**WHAT TO PRODUCE**
Nothing but the lines below from the one containing "装飾的な家庭用手織り籐スツー" through the one containing "シリコーン菜箸 タワー シリコーン調理スプーン" should appear in the answer, exact and without pictures.

**SOURCE MATERIAL**
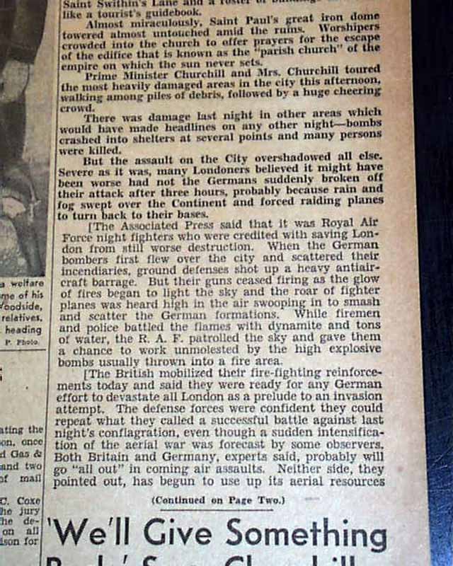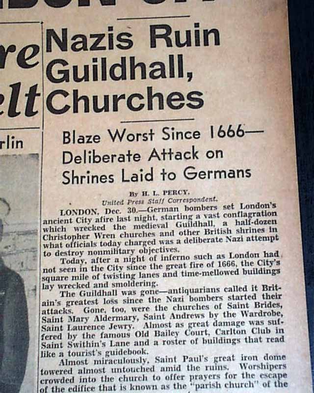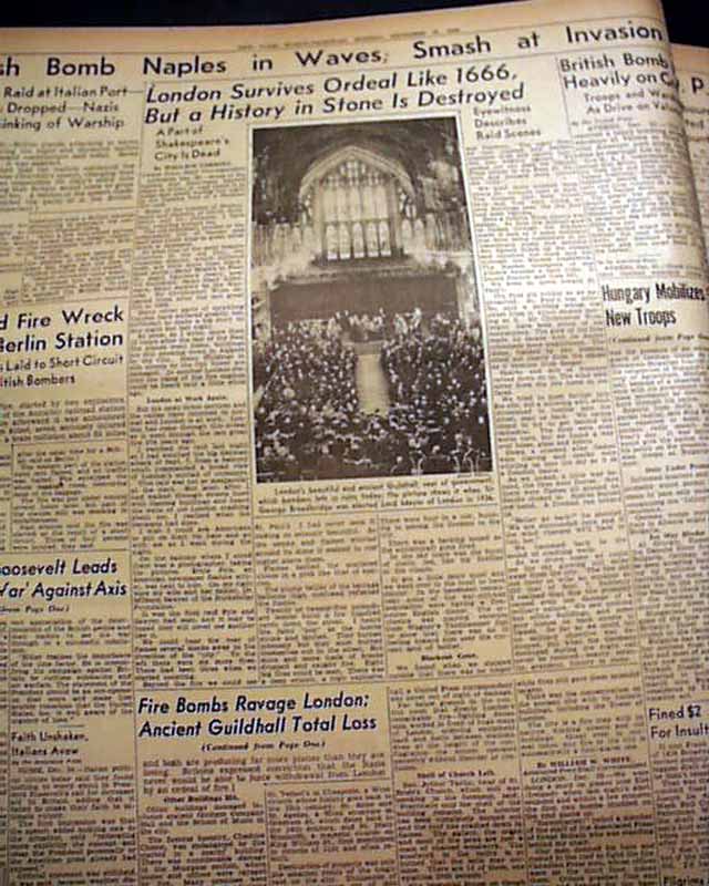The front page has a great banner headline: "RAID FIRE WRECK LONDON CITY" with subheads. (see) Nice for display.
* * *
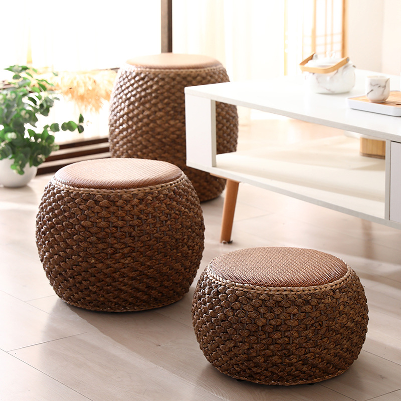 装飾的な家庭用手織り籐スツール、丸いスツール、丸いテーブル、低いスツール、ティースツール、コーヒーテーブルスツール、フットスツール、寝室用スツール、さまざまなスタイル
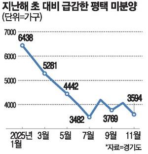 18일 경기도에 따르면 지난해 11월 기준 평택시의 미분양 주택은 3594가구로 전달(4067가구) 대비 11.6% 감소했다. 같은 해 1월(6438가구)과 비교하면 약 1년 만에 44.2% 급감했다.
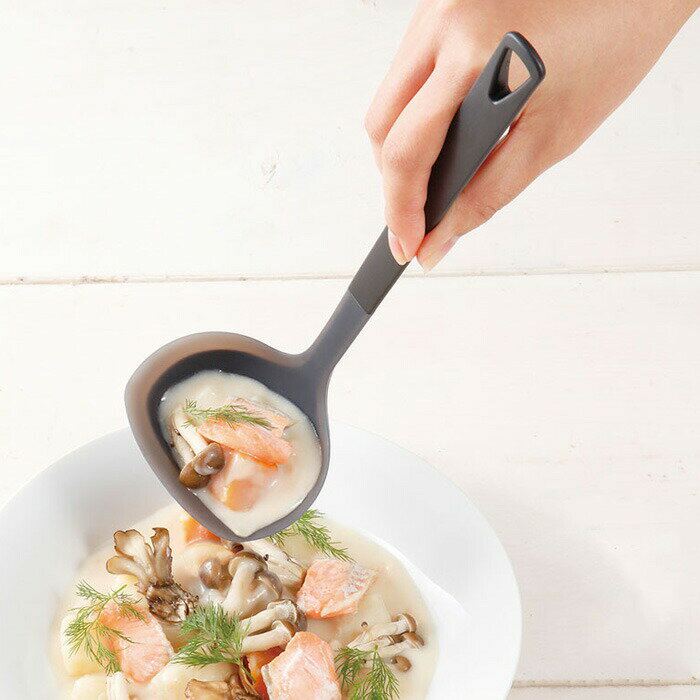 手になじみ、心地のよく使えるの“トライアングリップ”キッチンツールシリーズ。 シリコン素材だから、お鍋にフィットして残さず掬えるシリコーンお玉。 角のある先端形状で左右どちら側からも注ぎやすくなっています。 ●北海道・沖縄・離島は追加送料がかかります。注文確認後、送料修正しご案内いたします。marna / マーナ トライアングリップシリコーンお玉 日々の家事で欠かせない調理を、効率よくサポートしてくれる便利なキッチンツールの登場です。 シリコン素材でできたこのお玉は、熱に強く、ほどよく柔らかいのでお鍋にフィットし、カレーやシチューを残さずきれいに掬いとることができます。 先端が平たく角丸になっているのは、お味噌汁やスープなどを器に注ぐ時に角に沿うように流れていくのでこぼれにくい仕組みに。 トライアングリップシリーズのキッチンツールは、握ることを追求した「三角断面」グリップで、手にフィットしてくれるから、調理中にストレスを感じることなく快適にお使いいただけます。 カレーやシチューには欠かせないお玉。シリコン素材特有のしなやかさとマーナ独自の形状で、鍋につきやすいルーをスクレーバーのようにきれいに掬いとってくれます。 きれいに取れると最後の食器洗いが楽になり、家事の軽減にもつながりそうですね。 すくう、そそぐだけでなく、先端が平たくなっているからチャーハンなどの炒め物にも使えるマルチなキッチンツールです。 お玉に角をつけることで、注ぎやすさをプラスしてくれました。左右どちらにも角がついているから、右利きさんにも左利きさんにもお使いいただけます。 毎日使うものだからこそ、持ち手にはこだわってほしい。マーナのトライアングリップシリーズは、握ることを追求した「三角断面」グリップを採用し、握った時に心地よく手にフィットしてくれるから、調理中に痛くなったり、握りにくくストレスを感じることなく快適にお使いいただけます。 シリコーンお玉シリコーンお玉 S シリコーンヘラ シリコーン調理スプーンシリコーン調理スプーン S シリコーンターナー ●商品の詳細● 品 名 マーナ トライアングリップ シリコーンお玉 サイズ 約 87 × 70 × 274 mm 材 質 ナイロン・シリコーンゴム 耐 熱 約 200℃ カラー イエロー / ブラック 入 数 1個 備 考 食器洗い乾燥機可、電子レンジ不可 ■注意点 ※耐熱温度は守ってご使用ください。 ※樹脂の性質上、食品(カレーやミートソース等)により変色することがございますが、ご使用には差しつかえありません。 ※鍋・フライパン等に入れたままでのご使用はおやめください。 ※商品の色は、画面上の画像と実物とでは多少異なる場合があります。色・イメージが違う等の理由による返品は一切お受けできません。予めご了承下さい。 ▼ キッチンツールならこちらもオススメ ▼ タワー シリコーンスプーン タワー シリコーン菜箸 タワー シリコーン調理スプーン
---
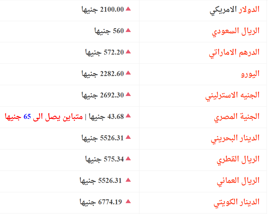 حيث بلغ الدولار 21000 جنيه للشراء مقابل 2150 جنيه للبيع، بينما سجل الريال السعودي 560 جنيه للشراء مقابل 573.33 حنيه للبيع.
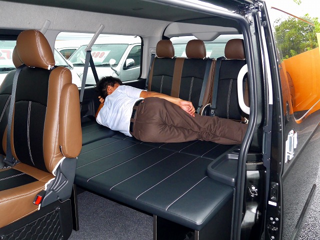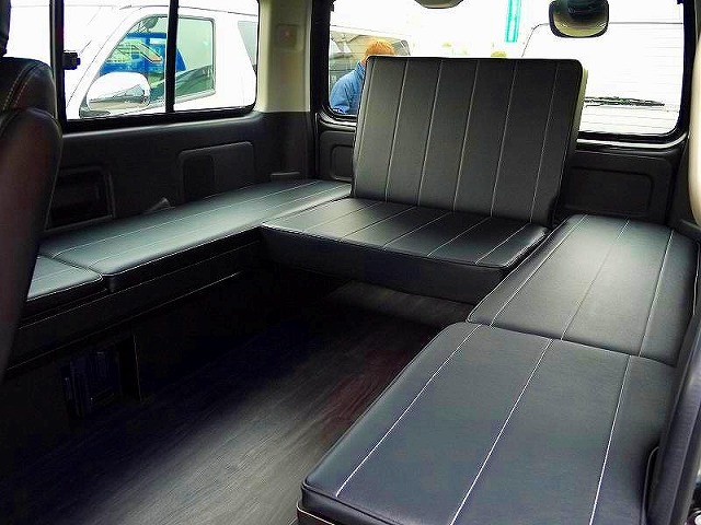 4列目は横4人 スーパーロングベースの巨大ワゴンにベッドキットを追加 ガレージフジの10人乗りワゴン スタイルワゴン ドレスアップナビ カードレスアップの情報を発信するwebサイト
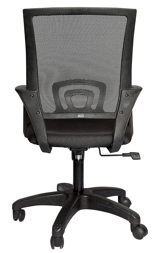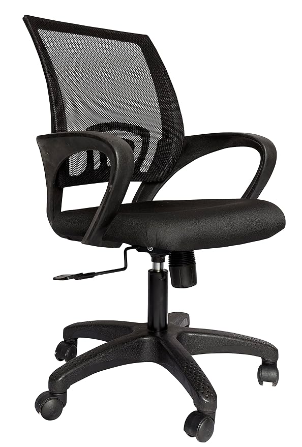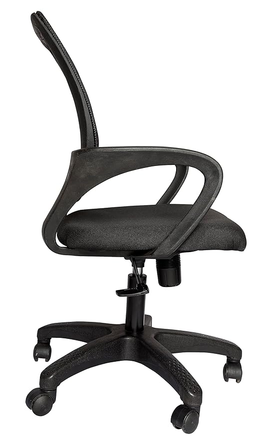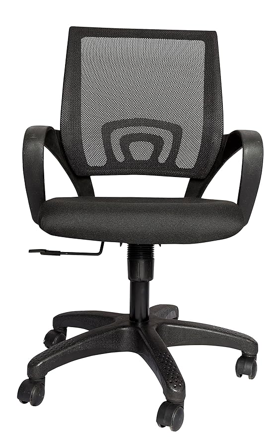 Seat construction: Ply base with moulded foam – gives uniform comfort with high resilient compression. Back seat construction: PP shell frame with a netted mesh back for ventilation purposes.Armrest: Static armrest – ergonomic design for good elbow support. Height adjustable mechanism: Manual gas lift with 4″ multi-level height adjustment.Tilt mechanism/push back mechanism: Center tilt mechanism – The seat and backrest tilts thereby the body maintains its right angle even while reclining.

**EXPECTED ANSWER**
 装飾的な家庭用手織り籐スツール、丸いスツール、丸いテーブル、低いスツール、ティースツール、コーヒーテーブルスツール、フットスツール、寝室用スツール、さまざまなスタイル
 18일 경기도에 따르면 지난해 11월 기준 평택시의 미분양 주택은 3594가구로 전달(4067가구) 대비 11.6% 감소했다. 같은 해 1월(6438가구)과 비교하면 약 1년 만에 44.2% 급감했다.
 手になじみ、心地のよく使えるの“トライアングリップ”キッチンツールシリーズ。 シリコン素材だから、お鍋にフィットして残さず掬えるシリコーンお玉。 角のある先端形状で左右どちら側からも注ぎやすくなっています。 ●北海道・沖縄・離島は追加送料がかかります。注文確認後、送料修正しご案内いたします。marna / マーナ トライアングリップシリコーンお玉 日々の家事で欠かせない調理を、効率よくサポートしてくれる便利なキッチンツールの登場です。 シリコン素材でできたこのお玉は、熱に強く、ほどよく柔らかいのでお鍋にフィットし、カレーやシチューを残さずきれいに掬いとることができます。 先端が平たく角丸になっているのは、お味噌汁やスープなどを器に注ぐ時に角に沿うように流れていくのでこぼれにくい仕組みに。 トライアングリップシリーズのキッチンツールは、握ることを追求した「三角断面」グリップで、手にフィットしてくれるから、調理中にストレスを感じることなく快適にお使いいただけます。 カレーやシチューには欠かせないお玉。シリコン素材特有のしなやかさとマーナ独自の形状で、鍋につきやすいルーをスクレーバーのようにきれいに掬いとってくれます。 きれいに取れると最後の食器洗いが楽になり、家事の軽減にもつながりそうですね。 すくう、そそぐだけでなく、先端が平たくなっているからチャーハンなどの炒め物にも使えるマルチなキッチンツールです。 お玉に角をつけることで、注ぎやすさをプラスしてくれました。左右どちらにも角がついているから、右利きさんにも左利きさんにもお使いいただけます。 毎日使うものだからこそ、持ち手にはこだわってほしい。マーナのトライアングリップシリーズは、握ることを追求した「三角断面」グリップを採用し、握った時に心地よく手にフィットしてくれるから、調理中に痛くなったり、握りにくくストレスを感じることなく快適にお使いいただけます。 シリコーンお玉シリコーンお玉 S シリコーンヘラ シリコーン調理スプーンシリコーン調理スプーン S シリコーンターナー ●商品の詳細● 品 名 マーナ トライアングリップ シリコーンお玉 サイズ 約 87 × 70 × 274 mm 材 質 ナイロン・シリコーンゴム 耐 熱 約 200℃ カラー イエロー / ブラック 入 数 1個 備 考 食器洗い乾燥機可、電子レンジ不可 ■注意点 ※耐熱温度は守ってご使用ください。 ※樹脂の性質上、食品(カレーやミートソース等)により変色することがございますが、ご使用には差しつかえありません。 ※鍋・フライパン等に入れたままでのご使用はおやめください。 ※商品の色は、画面上の画像と実物とでは多少異なる場合があります。色・イメージが違う等の理由による返品は一切お受けできません。予めご了承下さい。 ▼ キッチンツールならこちらもオススメ ▼ タワー シリコーンスプーン タワー シリコーン菜箸 タワー シリコーン調理スプーン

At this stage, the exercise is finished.